If you want to imbibe in stunning classical architecture and a history filled with military legacy, there’s no place like Belgium, believe me folks. The country is pretty small and it’s relatively easy to travel anywhere in just a few hours, not to mention that Belgium hosts 60 UNESCO World Heritage Sites, along with its ancient military history, ranging from Waterloo to World War 2. The country is divided into three distinct regions: Wallonia (in the south, where people mostly speak French), Flanders (in the north, Dutch speaking) and the Brussels region (there’s a mélange of the two aforementioned languages spoken in Brussels region, along with English and what not). Basically, Belgium can be regarded as an artificial country split down between linguistic/ethnic lines, and that’s even the opinion of Belgians themselves. However, if you’re taking into account that visiting Belgium you’re actually visiting three different countries, you can imagine that this is a pretty fascinating experience, to say the least. Flanders is a place imbibed in ancient history, boasting its amazing museums and perfectly preserved medieval architecture. Wallonia is more about beautiful scenery/landscapes while Brussels is the new Babylon of our modern times: an interesting mélange of art nouveau architecture, with impressing sky scrapers, sitting next to flea markets and art galleries, chip stands and lots of Michelin starred restaurants.


What to do, what to see in Belgium

I don’t know about you, but the first thing I did when I arrived in Brussels was to indulge myself in chocolate. Belgium is the paradise of chocolate aficionados, famed for its truffles, especially Brussels and Bruges, where you can find boutiques of the famous chocolatier Marcolini.

For outdoors enthusiasts, after eating 2-3 boxes of chocolates, you may pay a visit to La Roche en Ardenne and go kayaking on its rivers, or take a ride cycling amid Ardenne’s beautiful hill country. The area is filled with idyllic spots for young couples, being very romantic and, how should I say it, love-inducing.


Ostend was back in the day the cradle of European aristocracy and also its playground, a place where you can enjoy a beautifully preserved city, the Mercator Navy ship and splendid beaches. While here you can enjoy bargaining for fresh shrimp while visiting the local fish markets.


The Royal Museum of Fine Arts of Belgium is another strong selling point for travel agencies, as it was recently reworked and renovated and now it is composed from three segments from 3 distinct eras: Musee Modern, Musee Old Masters and Muse Fin de Siecle.
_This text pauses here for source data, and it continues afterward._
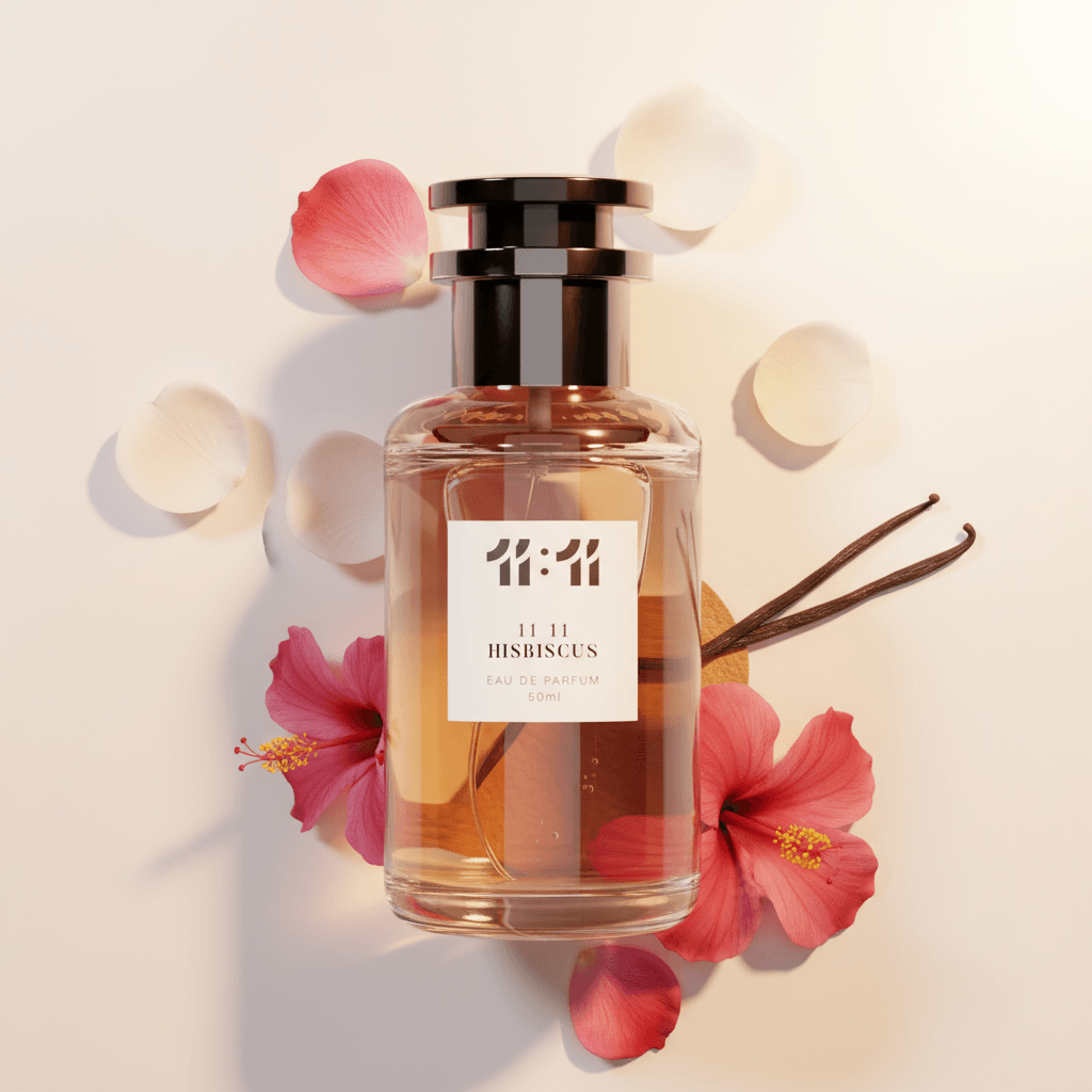 Exotic, radiant, and full of charm. 11 11 Hibiscus opens with a vibrant burst of fruity hibiscus and sweet rose, creating a lush and tropical floral heart. Wrapped in soft vanilla and warm leather, the scent becomes rich and sensual as it settles, leaving an unforgettable trace of elegance, femininity, and sunlit warmth.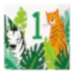 16 stuks 1-jarige servetten in wit met motieven van schattige kleine safaridieren in de jungle. Stijlvol om op tafel te zetten als het tijd is voor een kinderfeestje. Past perfect bij onze andere accessoires uit het thema safari.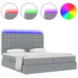 vidaXL Postelja z LED lučmi z vzglavjem Svetlo siva 180 x 200 cm blago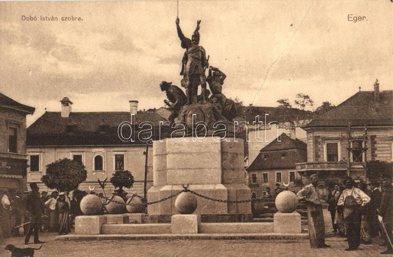 Eger, Dobó István szobra, özv. Wahl Adolfné kiadása (fa) https://www.darabanth.com/hu/330-Gyorsarveres/330.0/Kepeslapok/Magyarorszag~2000004/Eger-Dobo-Istvan-szobra-ozv-Wahl-Adolfne-kiadasa-fa~II1841844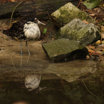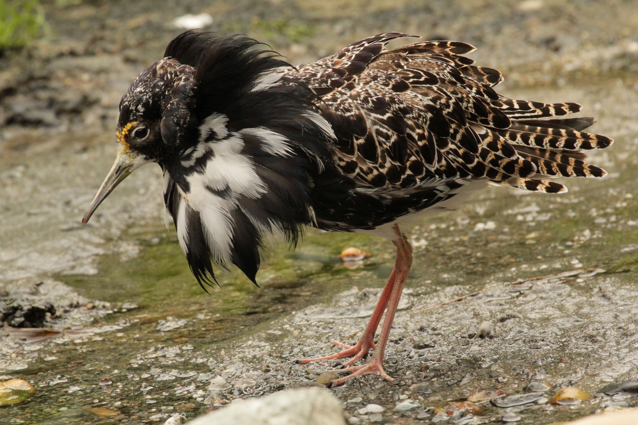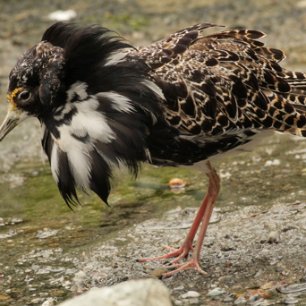 je to středně velký pták velikosti kosa černého s vysokýma nohama a výrazným sexuálním dimorfismem? Typický samec je mnohem větší než samice a v době páření se odívá do tzv. svatebního šatu.

This world famous museum located in Brussels stretches for more than five centuries, harboring some of the greatest painters/names in the history of art, ranging from the Flemish primitives to Delvaux and Rubens. I bet you’ll be deeply impressed, just like yours truly, and if that museum is not enough for the art buff that you are, all you have to do is to pay a visit to the next-door located Musee Magritte.
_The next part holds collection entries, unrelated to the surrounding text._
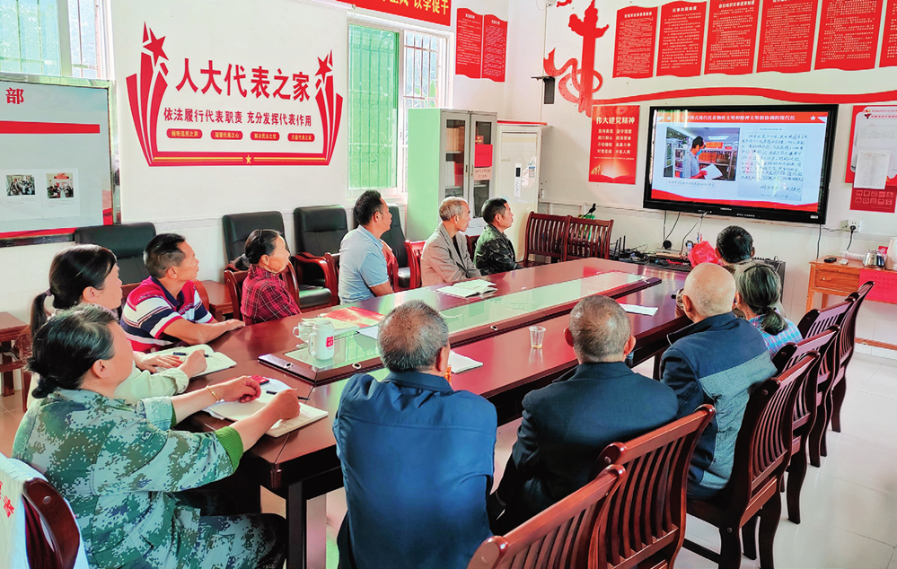 廣東省韶關市仁化縣長江鎮(zhèn)芭蕉垅村黨員收看黨的二十大精神專題培訓(2023 年 11 月 3 日攝) 廣東省委組織部供圖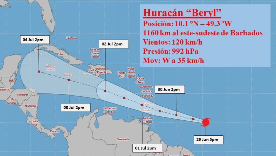 Durante las últimas horas la Tormenta Tropical Beryl continuó ganando en organización e intensidad en aguas del Atlántico tropical convirtiéndose en la tarde de hoy en el primer huracán de la actual temporada ciclónica.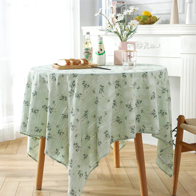 Прямоугольная круглая скатерть с цветочным рисунком, пасторальный чехол для стола из хлопка и льна для пикника, фоновая ткань, украшение для домашнего стола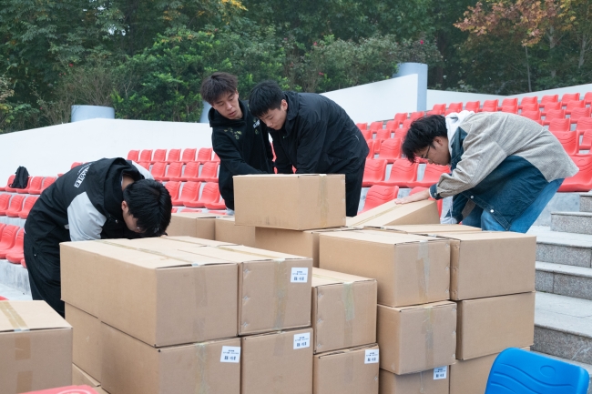 10月31日,马拉松组委会为BEAT365官网志愿者们发放食品供给、志愿服装和工作证,志愿者们秩序井然地领取志愿服务包,为即将举行的马拉松赛事做好充分准备。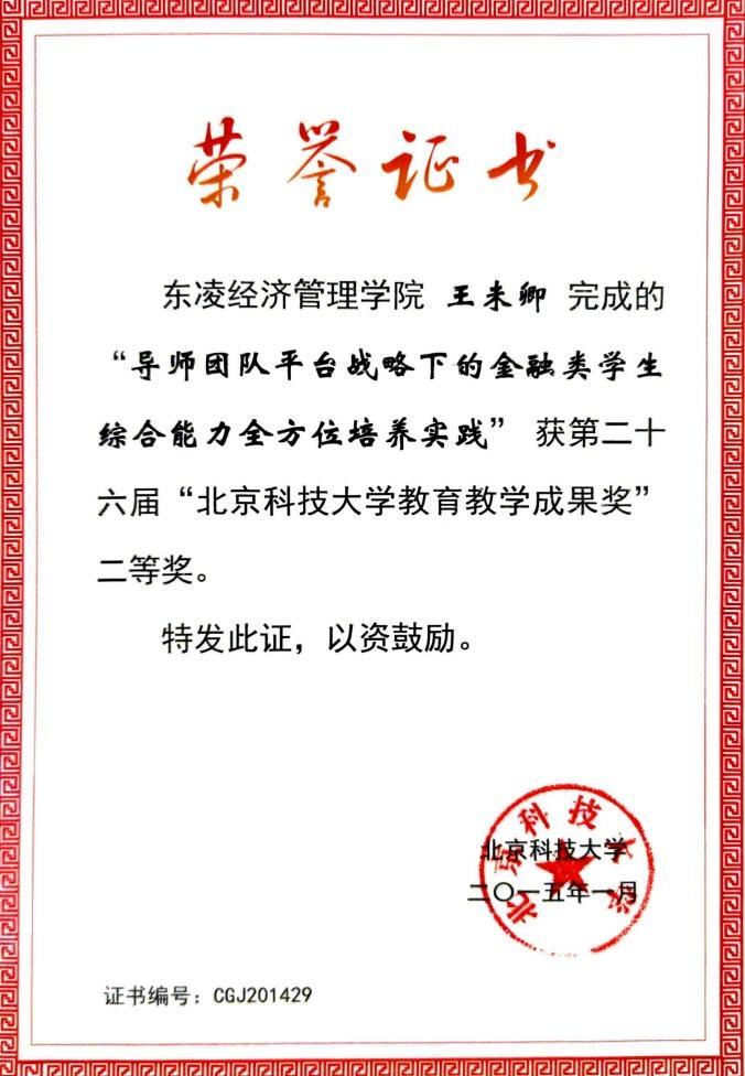 25、北京科技大学第26届教育教学成果奖二等奖,2015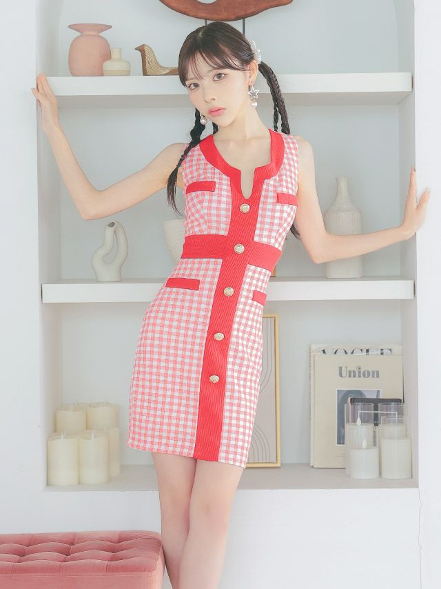 ポップで明るい印象に♪ [SALE] [韓国ドレス] ノースリーブギンガムチェック柄タイトミニドレス (Sサイズ~Lサイズ) (緩苺/キャバドレス着用) [TikaPimil]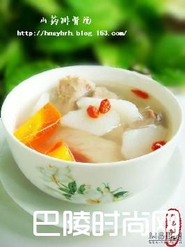 做法1.排骨500g,山药半根,枸杞适量,胡萝卜一根,生姜适量切片,料酒1茶匙,白醋几滴,八角一个,盐适量。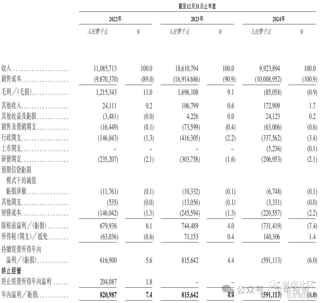 毛利/毛损:2022年毛利12.15亿人民币,2023年毛利16.96亿人民币,截止2024年毛损8505.8万人民币。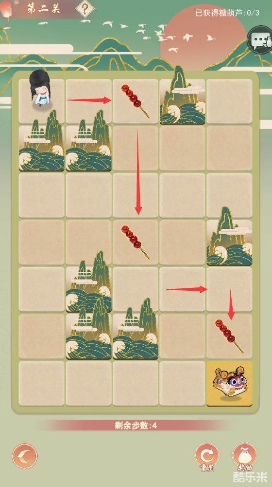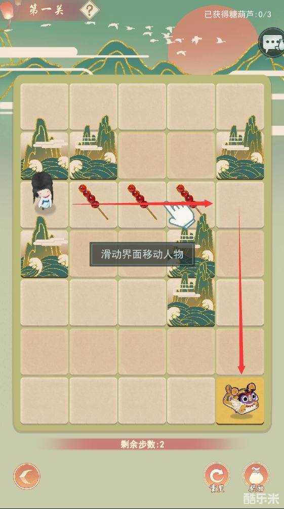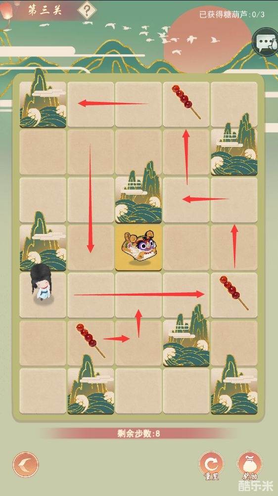 1.玩家需要在有限的步数内通过滑动角色先获得三个糖葫芦之后再站在小老虎地块即算过关(顺序不可逆)。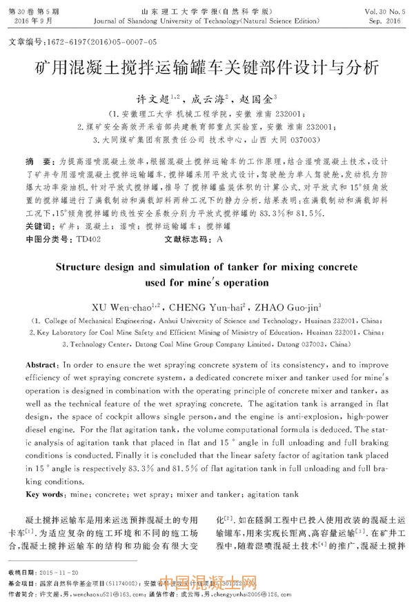 點擊下載全文:礦用混凝土攪拌運輸罐車關(guān)鍵部件設(shè)計與分析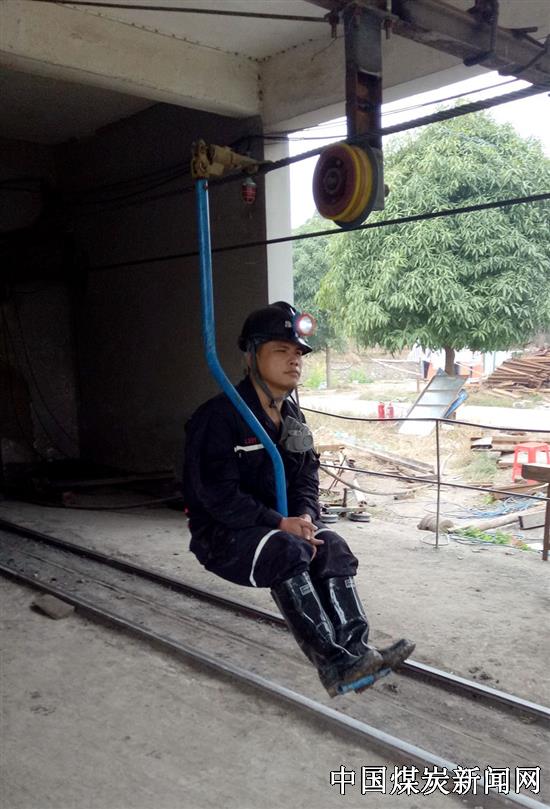 该矿主井新架空人车的使用,既减轻了工人的劳动强度,又提高了工人的工作效率。图为工人乘坐架空人车升井下班的情景。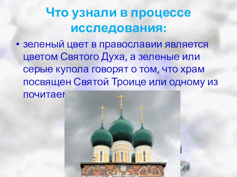 Духа, а зеленые или серые купола говорят о том, что храм посвящен Святой Троице или одному из почитаемых святых

Antwerp is that place from which diamonds come from, right? Also, it’s Belgium’s second largest city and Flanders capital, Europe’s 2nd largest harbor and home to an ancient zoo, not to mention a once in a lifetime (as in must see) art collection (masterpiece paintings courtesy of Peter Paul Rubens).
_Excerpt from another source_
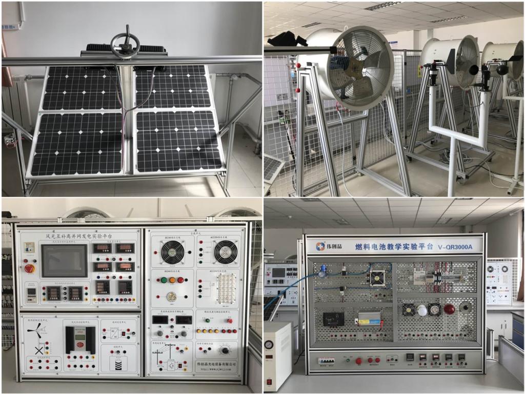 (3)高度重视实验实践能力的培养和工程专业素养的提升,构建“实验教学—实习实训—毕业设计—课外科技创新—社会实践”五元结合的实践教学体系。附图中是新能源科学与工程专业教学实验室,该实验室可开设涉及风能、太阳能、氢能、生物质能等新能源领域的10余项专业教学实验。
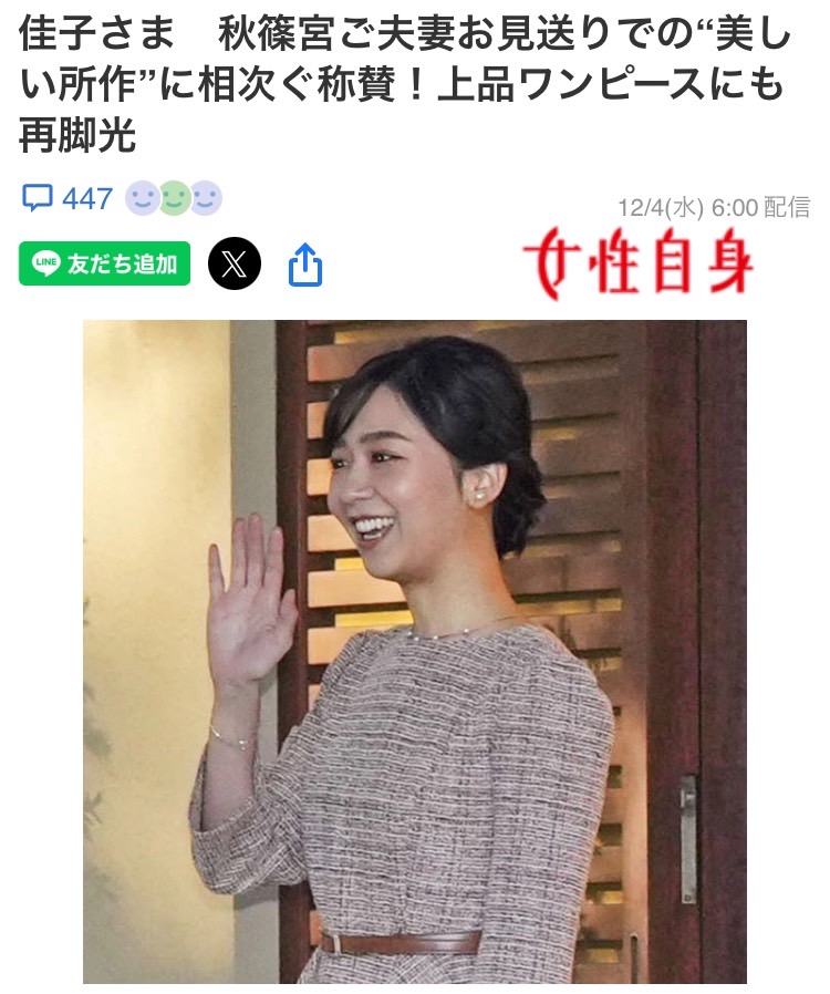 佳子さまがお召しになる洋服やアクセサリーに注目が集まるのは、単に佳子さまの美しさやファッションセンスの良さだけではなく、決して真似する事ができない、皇室で育まれたプリンセスの品格が人々の憧れを喚起して、購買意欲に繋がっているのだと感じました。

One of the greatest battles in WW1 took place in Belgium at Bulge, near the Luxembourg border and, while here, enjoy the Bastogne Historical Centre located nearby; here you can admire a vast collection of memorabilia and you may buy a few souvenirs for your friends of family members.

The country’s and EU’s capital Brussels is a multicultural city filled with Eurocrats, Bureaucrats and loads of immigrants: Moroccan, Congolese, Turkish and what not. While here you can admire the UNESCO listed Grand Palace, the Mannaken-Pis statue, the impressive EU buildings or the Ixelles district.


Wallonia is the reason for which Belgium is said to have the highest density of castles per square mile in the world. Also keep in mind that no trip to Belgium would be complete without trying/sampling their moules-frites specialty, offered with plenty of dipping sauces and a refreshing pint of beer. And while we’re talking about beer, Belgium has a century’s old tradition, dating back to the middle Ages when it comes to ale and brewing and stuff like that. As you can imagine, some of the best beer in the world can be sampled here, hence if you’re into this sport, Belgium will feel like paradise on Earth.


For history buffs, Belgium is the place where Napoleon got his French butt kicked at Waterloo in 1815 by England’s Duke of Wellington; so, don’t forget to visit this historic site while you’re here.

Food and Drink

Belgium’s cuisine is often quoted as being the best in Europe, and I think that saying is quite right. The foods in Belgium are much, much more than waffles, chocolate and beer, remember that folks. Here you can have a gastronomical revelation, as you can eat fish and mussels, rabbit, pheasant, butter, cream, venison, not to mention world class beef and lamb. Specialties include the aforementioned French-fries called moules frittes, mashed potatoes, ham-wrapped endives with cheese sauce, fish-chicken stew, rabbit specially cooked with beer and prunes, eel cooked in spinach sauce, tarragon, mint, white wine and thyme, butter-cooked pheasant with chicory and brussel sprouts, salad made from boiled potato, green beans and bacon and so on and so forth. Regional drinks consist of over 400 types of beers, all brewed and bottled in Belgium. There’s also a spirit called Jenever, very similar to gin and sometimes flavored with chili, chocolate or lemon.


Visa Requirements

Belgium is a member of the European Union and it signed the Schengen treaty, hence if you’re an EU citizen, you’ll not require a passport, just an ID (if anything). For USA/Canadian tourists, a passport is required (no Visa though).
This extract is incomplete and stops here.